Presentato a Roma lo scorso dicembre, Le nuove imprese sociali. Tendenze e prospettive dopo la riforma del terzo settore, che è stato pubblicato nella serie dei quaderni di Terzjus e curato da Luigi Bobba (presidente di Terzjus), Antonio Fici (direttore scientifico di Terzjus) e Claudio Gagliardi (vicesegretario generale di Unioncamere). Lo studio presenta i risultati della ricerca condotta a 5 anni dall’entrata in vigore della riforma del terzo settore che si poneva l’obiettivo di rilanciare lo strumento dell’impresa sociale . Il legislatore della riforma ha infatti adottato un nuovo testo di legge che, pur mutuando la struttura dal precedente, presenta soluzioni innovative, cambiando di fatto la situazione di tutte le imprese sociali, incluse le cooperative sociali e i loro consorzi. Pur non essendo ancora efficaci le norme fiscali, la fisionomia delle imprese sociali sta significativamente mutando. Dal 2017 il numero delle imprese sociali iscritte al registro delle imprese è cresciuto rapidamente : sono 3.438 le Nuove Imprese Sociali (NIS) nate dopo l’entrata in vigore del D.lgs 112/2017, ill 17% del totale di quelle attualmente attive e iscritte nell’apposito registro delle Camere di commercio territoriali (poco meno di 20.000). Lo studio evidenzia come stia mutano anche la forma giuridica scelta per le imprese sociali: le cooperative sociali rappresentano la quasi totalità (il 97%) di quelle costituitesi prima del D.lgs. 112/2017 e scendono al 75,3% fra le organizzazioni fondate negli ultimi cinque anni a cui si sono affiancate società a responsabilità limitata, altre società di capitali, società cooperative non sociali, società di persone, fondazioni o associazioni.

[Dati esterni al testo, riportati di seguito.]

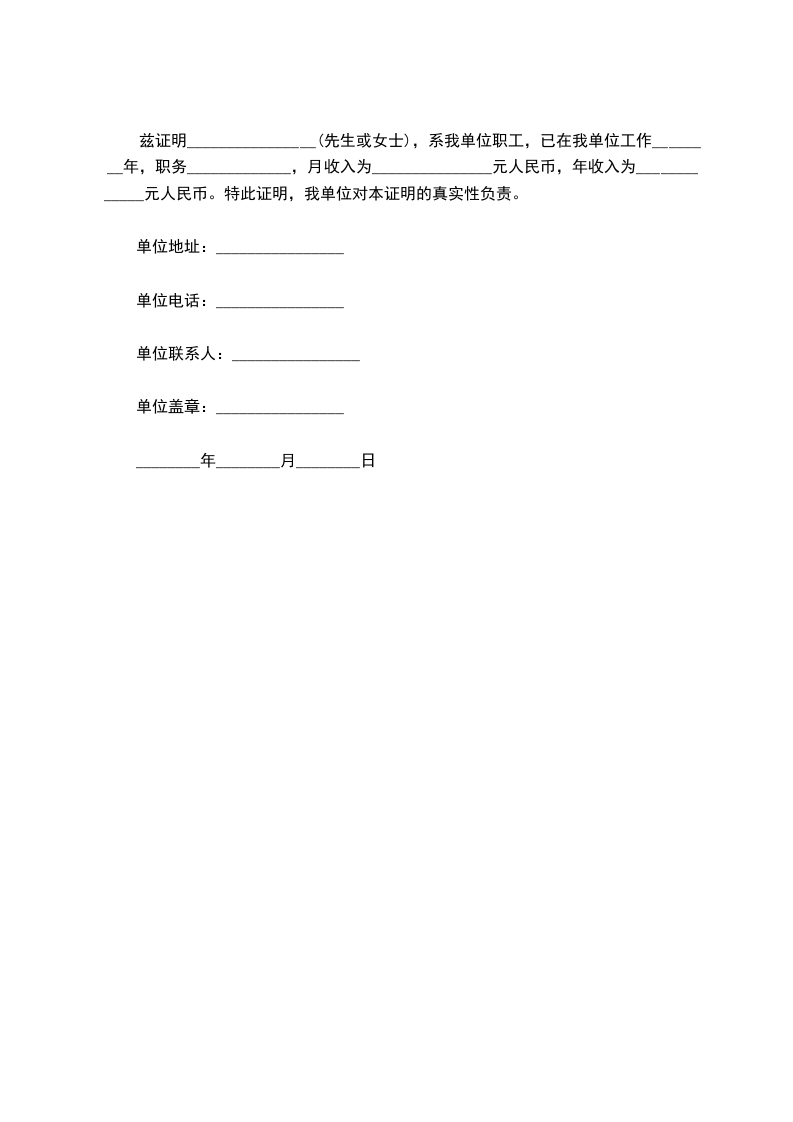 兹证明________________(先生或女士),系我单位职工,已在我单位工作________年,职务_____________,月收入为_______________元人民币,年收入为_____________元人民币。特此证明,我单位对本证明的真实性负责。
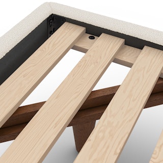 - Upholstered in a soft, non-absorptive bouclé fabric. Bouclé is an excellent choice for those who want an easy-to-care-for, style-forward bed
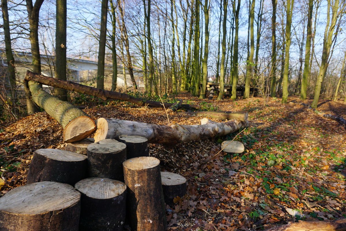 Ter hoogte van ingang C aan de Vissersparking in de Kampstraat is een speelbosje aangelegd. Iedereen mag er klauteren, verstoppertje spelen, een kamp bouwen, ronddwalen op blote voeten of gewoon ontspannen op een boomstam-stoel.

E’ mutato e si è allargato il bacino d’utenza dell’impresa sociale; grazie all’art 2 della Riforma le attività di interesse generale non sono solo i servizi socio-assistenziali, la cura sanitaria e l’inserimento lavorativo delle persone più fragili, ma anche l’educazione, l’istruzione e la formazione professionale, la salvaguardia dell’ambiente, le attività a carattere ricreativo e culturale, il turismo sociale e l’housing sociale, il commercio equo e solidale, il microcredito e l’agricoltura sociale. Le NIS possono dare vita a progetti e ed esperienze inedite e possono dare un contributo sostanziale alla coesione delle comunità locali; si stanno incamminando verso l’innovazione, per quanto non possano ancora godere appieno degli incentivi fiscali contenuti nella riforma, per i quali si attende ancora il via libera da parte della Commissione Europea.
Gli scenari internazionali degli ultimi anni sono quelli della crisi economica, della guerra e della pandemia: emergenze sanitarie, ambientali e umanitarie hanno aumentato le diseguaglianze sociali, mentre gli effetti del cambiamento climatico diventano sempre più drammatici. Anche la politica europea sta mutando le strategie e gli investimenti, non più centrati sul rafforzamento del mercato unico, ora guardano anche all’economia sociale nelle determinazioni delle istituzioni comunitarie. Questo cambiamento di prospettiva è ben visibile nel Piano d’azione sull’economia sociale della Commissione Europea per gli anni 2021-2030 e nei prossimi anni Bruxelles intende puntare seriamente sulle imprese sociali poiché in queste si può coniugare l’innovazione, la prossimità fra persone e la transizione ecologica.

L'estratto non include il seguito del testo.